The Cyber Police unmasked a transnational group of hackers who were spreading the EMOTET computer virus.
According to a statement from the press office of the Ministry of Internal Affairs (MIA), this virus has caused damages of 2.5 billion dollars to American and European banks and financial institutions.
How the scheme worked
As reported by the Attorney General’s Office, since 2014 a group of Ukrainian hackers has been using a malware, the so-called cryptographic virus (“banking trojan”), designed to steal personal data (passwords, logins and payment details), has carried out massive interference in the functioning of the servers of both private and state banking institutions.
EMOTET’s infrastructure included servers all over the world and was effectively a botnet. The “virus” was spread through spam messages, Word documents, Excel tables and e-mail messages.

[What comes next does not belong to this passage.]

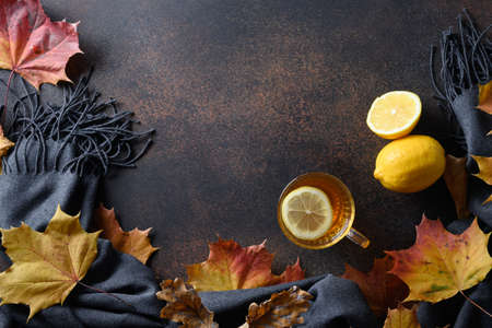 Warming tea with lemon in cozy lifestyle with fall leaves and cozy scarf on brown background. View from above with copy space.

After penetrating the target software, the virus used the “infected” device for further spamming, as well as installing other viruses. As a result, the malware stole users’ personal data, including passwords, logins, browsing history, payment and banking details, etc. Later, the authors would transfer the money to their controlled accounts.

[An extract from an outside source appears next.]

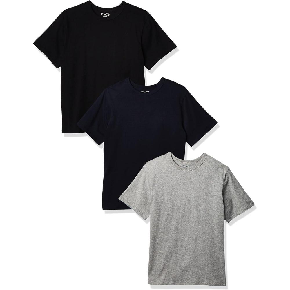 The Children’s Place Boys’ Basic V Neck T-Shirt 2 Pack(Black/Tidal/H Gray 3-pack)

Simultaneous searches in eight countries
The Cyber Police, together with local law enforcement, conducted simultaneous searches in Ukraine, the Netherlands, Germany, France, Lithuania, Canada, the United States and the United Kingdom.
As a result, law enforcement officials seized server equipment, computer hardware, and data storage media containing information about the companies targeted by the cyber attacks. Bank cards, money and secret ledgers with passwords, accesses and keys for services were also seized.

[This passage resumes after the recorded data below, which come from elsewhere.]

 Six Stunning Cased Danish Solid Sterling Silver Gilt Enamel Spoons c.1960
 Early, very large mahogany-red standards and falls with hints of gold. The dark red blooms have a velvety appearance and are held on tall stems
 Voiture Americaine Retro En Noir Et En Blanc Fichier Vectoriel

“Criminal proceedings are underway pursuant to art. 361 (Unauthorized interference in the operation of computers, automated systems, computer networks or telecommunications networks), art. 361-1 (Creation of malicious software or hardware for the purpose of use, distribution or sale) and Art. 190 (Fraud) of the Criminal Code of Ukraine. The attackers face up to 12 years of imprisonment, with confiscation of property ”, comments the MIA.
Now, the activity of the EMOTET network, which has been spread over more than 90 servers in many countries, is completely blocked.